(WHAT TO WORK ON): For this listing, reproduce the line with "Äڷγª19 ¼±º°Áø·á¼Ò¸¦ ã¾Æ", the line with "Lampadina LED a riflettore GU10 7W", and the lines between, exactly as they stand. Leave out pictures and all other lines.

• • • • •

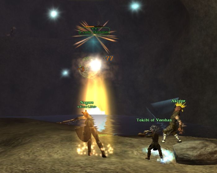 蛇の場合、低いのと地形の高低差からか地面に埋まる事もある。 そうなるとタゲが困難。倒すのが難しい。 Tabを押したり、F8を押してなんとかタゲる。 確実なのは、殴られてる人がタゲを取り、 アシストして倒す事かな。 |
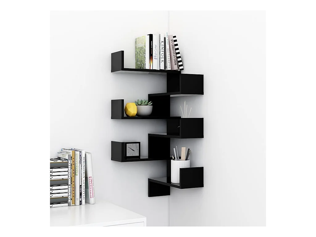 Estantes de esquina pared madera ingeniería negro 40x40x50 cm ES34034
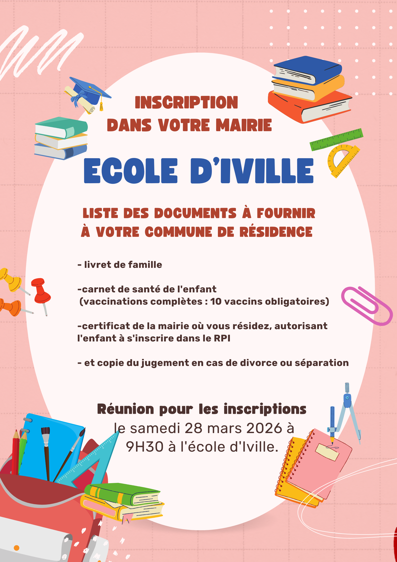 Les parents sont invités à inscrire leurs enfants à l’école d’Iville en mairie, en vue de la prochaine rentrée.
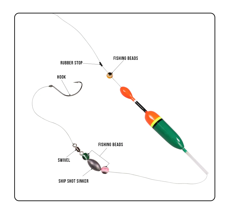 1. Excelentes bobbers antideslizantes: el orificio amigable con la línea permite que la línea se deslice rápidamente a través del flotador, las líneas de pesca pasan desde los bobbers antideslizantes de abajo hacia arriba en segundos.Los flotadores deslizantes se deslizan libremente hacia arriba y hacia abajo de su hilo de pescar.Interior vacío que permite que la línea se caiga de manera confiable a través del flotador.
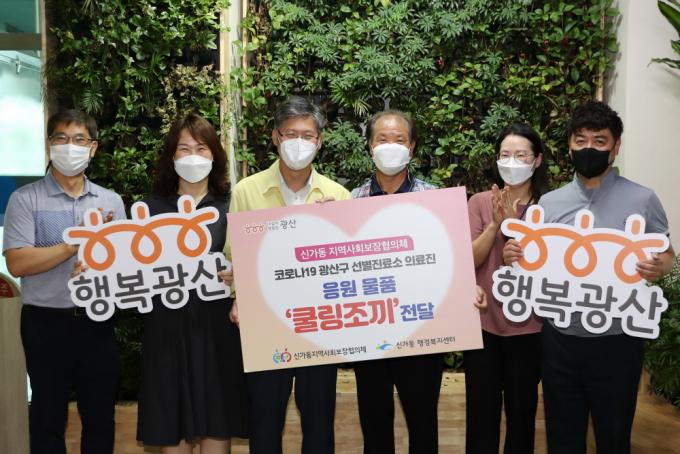 [È£³²´º½º¶óÀÎ = ¼ÀºÈ« ±âÀÚ] ±¤ÁÖ ±¤»ê±¸ ½Å°¡µ¿ Áö¿ª»çȸº¸ÀåÇùÀÇü(À§¿øÀå À屿¼ö)´Â ÃÖ±Ù ±¤»ê±¸ Äڷγª19 ¼±º°Áø·á¼Ò¸¦ ã¾Æ Æø¿° ¼Ó¿¡¼ °í±ººÐÅõÇÏ´Â ÀÇ·áÁø¿¡°Ô ³Ã¹æ ¿ëǰ ¡®Ä𸵠Á¶³¢¡¯ 15°³(250¸¸¿ø »ó´ç)¸¦ Àü´ÞÇß´Ù.
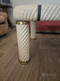 Tavolino da caffè Mid-Century 115x115 x 39 anni 1970 /1979 in porcellana bianca crema , ottone e piano in vetro a specchio color bronzo opera del designer Tommaso Barbi
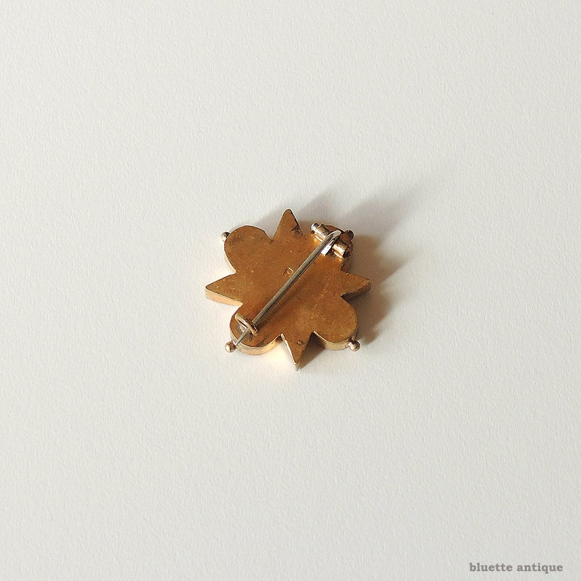 台はゴールドカラーのメタルで、シックな配色が素敵な、コンディションの良いブローチです。
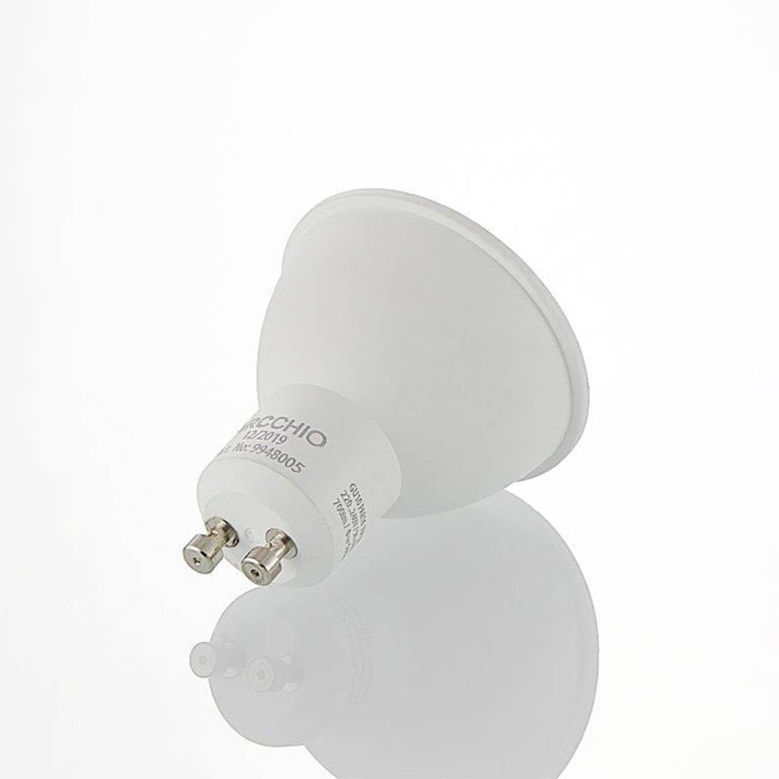 Lampadina LED a riflettore GU10 7W 3.000K 120° Questa lampadina LED a riflettore GU10 garantisce lunga durata e grande efficienza energetica. Diffonde la luce a un angolo di 120°. Pertanto si presta a sostituire lampadine alogene usate in corpi illuminanti per una luce generale estensiva, garantendo lunga durata e grande efficienza energetica. - Non dimmerabile
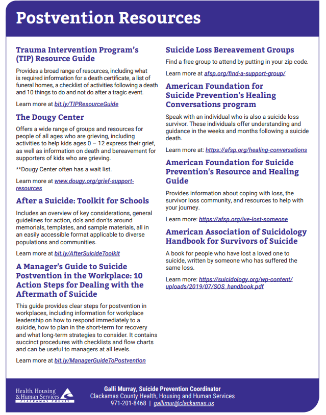 If you or someone you are supporting identify as a suicide loss survivor, please contact the County’s Suicide Prevention Coordinator at gallimur@clackamas.us. You may be asked to provide the name(s) of the person(s) needing support, contact information and their relationship to the deceased.
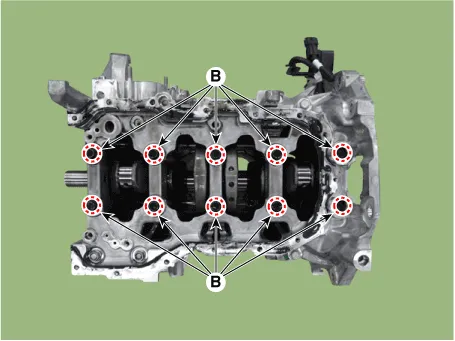 Cylinder Block Crankshaft Journal Bore Mark Location Letters have been stamped on the side surface of the block as a mark for the size of each of the 5 main journal bores. Use them, and the numbers or letters stamped on the crank (marks for main journal size), to choose the correct bearings.
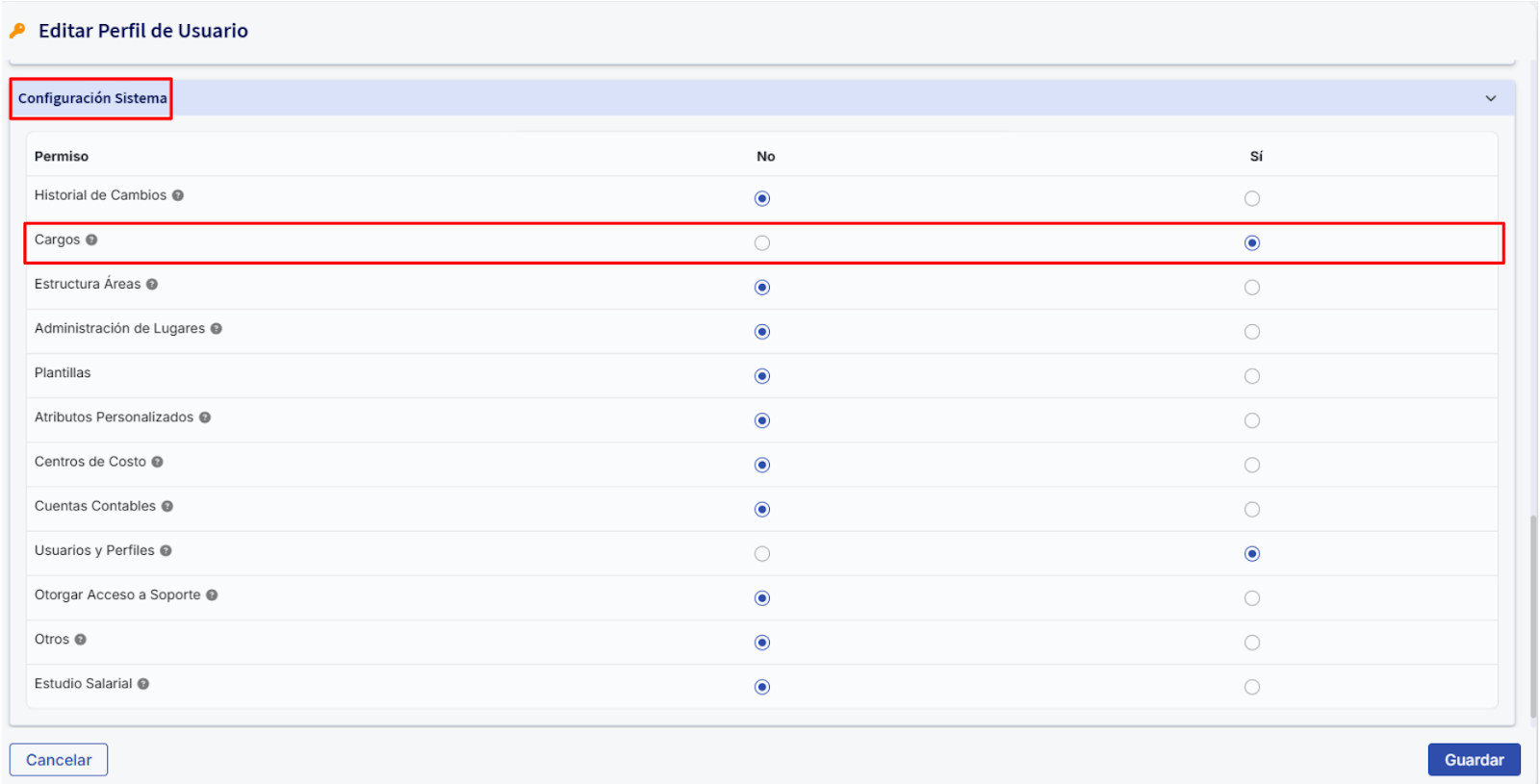 - Permisos sobre Cargos: Busca la sección “Configuración Sistema” y marca “Si” para la categoría Cargos

• • • • •

(EXERCISE RESPONSE):
 [È£³²´º½º¶óÀÎ = ¼ÀºÈ« ±âÀÚ] ±¤ÁÖ ±¤»ê±¸ ½Å°¡µ¿ Áö¿ª»çȸº¸ÀåÇùÀÇü(À§¿øÀå À屿¼ö)´Â ÃÖ±Ù ±¤»ê±¸ Äڷγª19 ¼±º°Áø·á¼Ò¸¦ ã¾Æ Æø¿° ¼Ó¿¡¼ °í±ººÐÅõÇÏ´Â ÀÇ·áÁø¿¡°Ô ³Ã¹æ ¿ëǰ ¡®Ä𸵠Á¶³¢¡¯ 15°³(250¸¸¿ø »ó´ç)¸¦ Àü´ÞÇß´Ù.
 Tavolino da caffè Mid-Century 115x115 x 39 anni 1970 /1979 in porcellana bianca crema , ottone e piano in vetro a specchio color bronzo opera del designer Tommaso Barbi
 台はゴールドカラーのメタルで、シックな配色が素敵な、コンディションの良いブローチです。
 Lampadina LED a riflettore GU10 7W 3.000K 120° Questa lampadina LED a riflettore GU10 garantisce lunga durata e grande efficienza energetica. Diffonde la luce a un angolo di 120°. Pertanto si presta a sostituire lampadine alogene usate in corpi illuminanti per una luce generale estensiva, garantendo lunga durata e grande efficienza energetica. - Non dimmerabile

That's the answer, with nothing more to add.